Opera Reviews
5 May 2024
Untitled Document

ETO continues its Venetian theme with The Coronation of Poppea



by Catriona Graham
Monteverdi: The Coronation of Poppea
English Touring Opera
Malvern
October 2013

Photo: Richard Hubert Smith Ottone is a bit down. Here he is, back from battle, and there is the Emperor, in bed with Ottone's mistress, while two bodyguards snooze outside. Monteverdi's late opera The Coronation of Poppea is the earliest of the three Venetian operas in English Touring Opera's autumn season and, in ways, the most challenging.

Samal Blak's two-storey set keeps Poppea's bed at the centre of attention throughout, and gives scope for related action to be seen in parallel. There is clever use of wall-panels, shoved round to open out or enclose the bed, to change the emphasis. Overall, it creates the claustrophobic atmosphere in which the story unfolds. Costumes place it firmly in the Stalinist era, emphasising the arbitrary nature of totalitarian power.

The Prologue sets up the moral dilemma, opening with three Young Pioneers unfurling their respective banners of Fortuna, Virtu and Amor - a rather camp Jake Arditti - and each setting out the case for its supremacy.

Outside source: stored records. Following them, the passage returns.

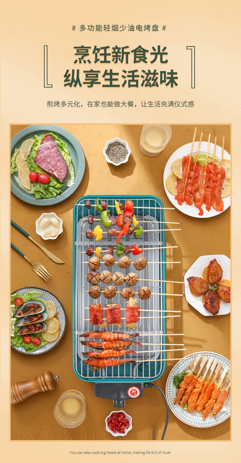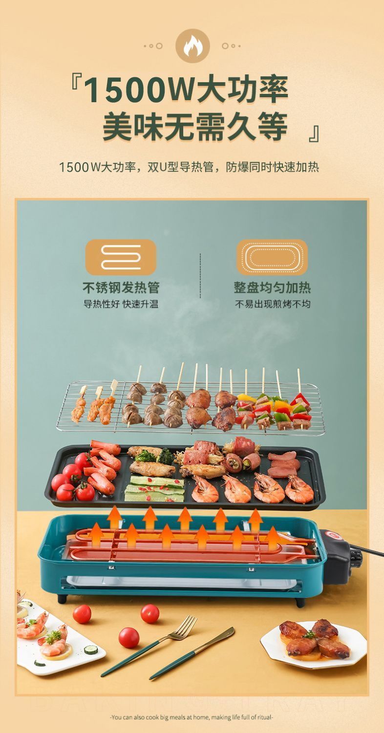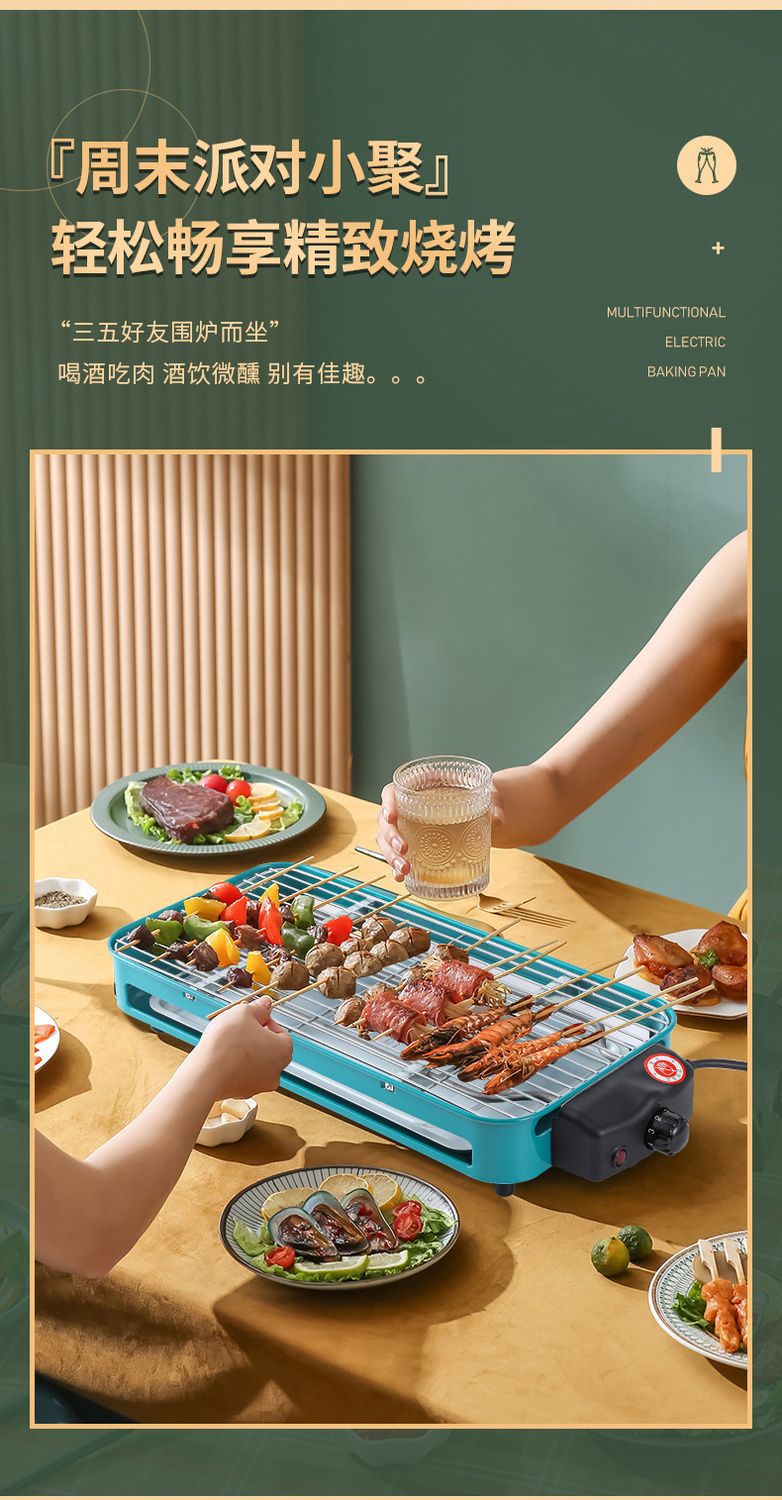 电烤炉家用烧烤炉室内无烟新款电烤盘多功能烤肉烤串机家庭烧烤架
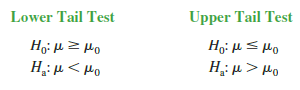 At the beginning of this section, we said that one-tailed tests about a population mean take one of the following two forms:
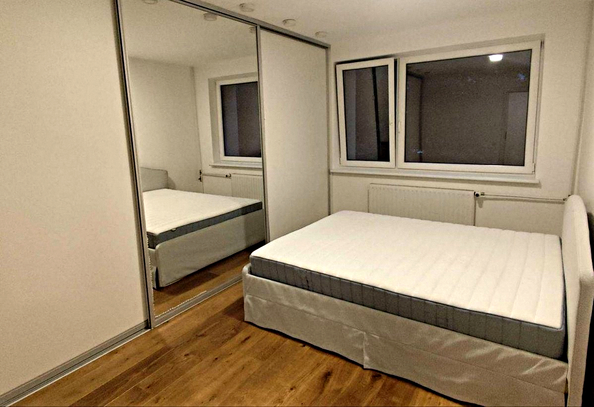 Bedroom: A cozy room with a double bed and a wardrobe with a mirror.

Paula Sides is a young Poppea, with her teddy-bear still by her bed. She spends most of her time in bed, either with Nerone or just resting - she is, after all, pregnant. She is flattered by Nerone's attention and ambitious for the power that goes with it. When Nerone is at last free to make her his wife, Arnalta the nurse (an outstandingly expressive John-Colyn Gyeantey) gleefully sings of the power, which will, in turn, accrue, to her.

Although Helen Sherman's performance as Nerone never quite fools the audience that she is a man, the love duets with Poppea are rich and fervent. Their final duet 'Pur ti miro, pur ti godo,' when Poppea realises, with emerging fear, that the one person Nerone really loves is himself, is very moving.

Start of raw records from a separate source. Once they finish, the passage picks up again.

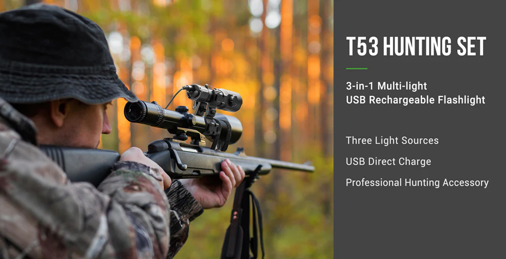 - Baterijska lampa T53, primenjuje tehnologiju izbora tri svetla: bela/760 lumena, zelena/129lumenai crvene/109 lumena.
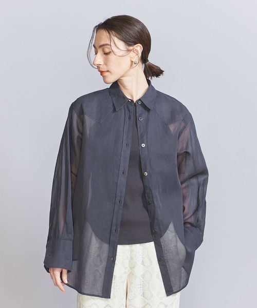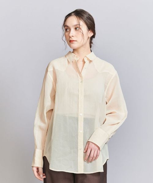 ドライタッチで清涼感のあるコットンオーガンジー素材を使用したシアーシャツ。
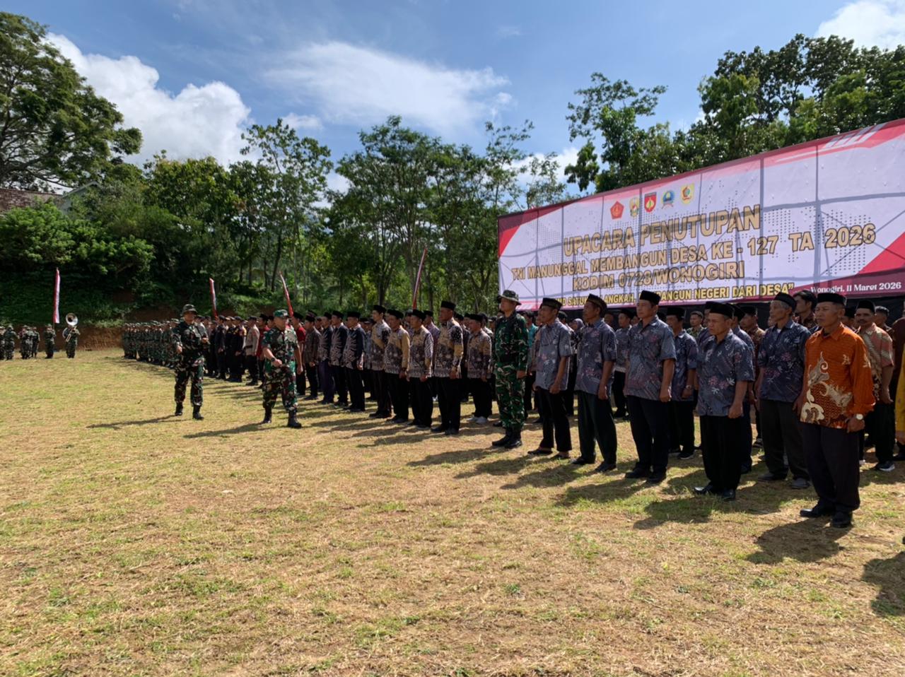 Upacara penutupan berlangsung khidmat dan penuh makna, dihadiri oleh Komandan Korem 074/Warastratama Kolonel Inf Muhammad Arry Yudhistira, Komandan Kodim 0728/Wonogiri Letkol Inf Rodricho Ivan Pattihahuan selaku Dansatgas TMMD, Bupati Wonogiri Setyo Sukarno, jajaran Forkopimda, Fotkopincam, serta ratusan prajurit TNI, Polri, dan warga masyarakat setempat.
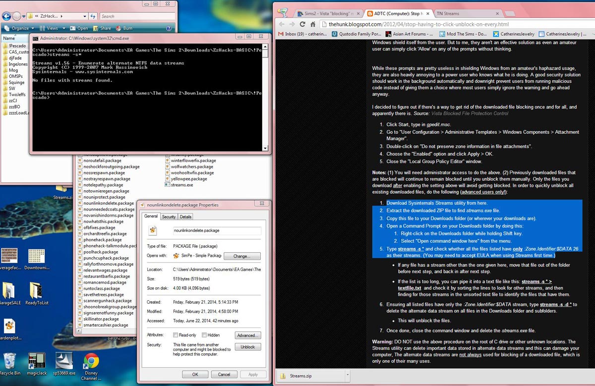 ETA: *Big breath* OK. I tried it... The instructions are in blue high-light on the black page. The black cmd box says it couldn't find anything... yet, there's my nounlinkondelete file's property box saying the files is 'blocked'

Ottavia (Hannah Pedley), Nerone's spurned wife, is stretching it a bit in claiming to be without fault when she is sent into exile, but she sings her aria of farewell to her homeland beautifully and expressively.

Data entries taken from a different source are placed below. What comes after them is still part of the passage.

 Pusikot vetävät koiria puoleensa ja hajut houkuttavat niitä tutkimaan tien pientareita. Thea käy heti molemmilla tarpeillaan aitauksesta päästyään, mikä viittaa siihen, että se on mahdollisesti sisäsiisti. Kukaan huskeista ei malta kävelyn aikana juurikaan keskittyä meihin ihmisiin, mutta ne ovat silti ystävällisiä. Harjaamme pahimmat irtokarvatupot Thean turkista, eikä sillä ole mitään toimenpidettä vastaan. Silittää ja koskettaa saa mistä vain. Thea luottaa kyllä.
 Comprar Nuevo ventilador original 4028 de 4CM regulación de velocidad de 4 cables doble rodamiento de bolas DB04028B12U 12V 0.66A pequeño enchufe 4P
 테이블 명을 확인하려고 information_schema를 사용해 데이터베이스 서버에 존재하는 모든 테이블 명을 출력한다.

At the moral heart of the piece is Seneca (Piotr Lempa), philosopher and tutor to Nerone and the only low voice in the opera. His principled refusal to condone unjust action can lead only to his death by suicide - effected in silhouette against a window. He raises his hands, and blood pours down the glass from his wrists. At the end of the opera, the exiles are similarly seen in silhouette.

Drusilla (Hannah Sandison) and Ottone (Michal Czerniawski) are not without fault either, but they don't deserve their exile. Sandison' brisk ironing of her Young Pioneer scarf while singing how her heart is dancing (in Anne Ridler's translation, as edited and amended by director James Conway) is deliciously done. She comes over as a much more straightforward character than the conniving Poppea. Czerniawski's heartfelt laments for his lost Poppea, and his subsequent transfer of affection to Drusilla are persuasive.

The Old Street Band, conducted by Michael Rosewell, brings out the rich textures in the music and complements the singing, not least the many languorous 'blue' notes.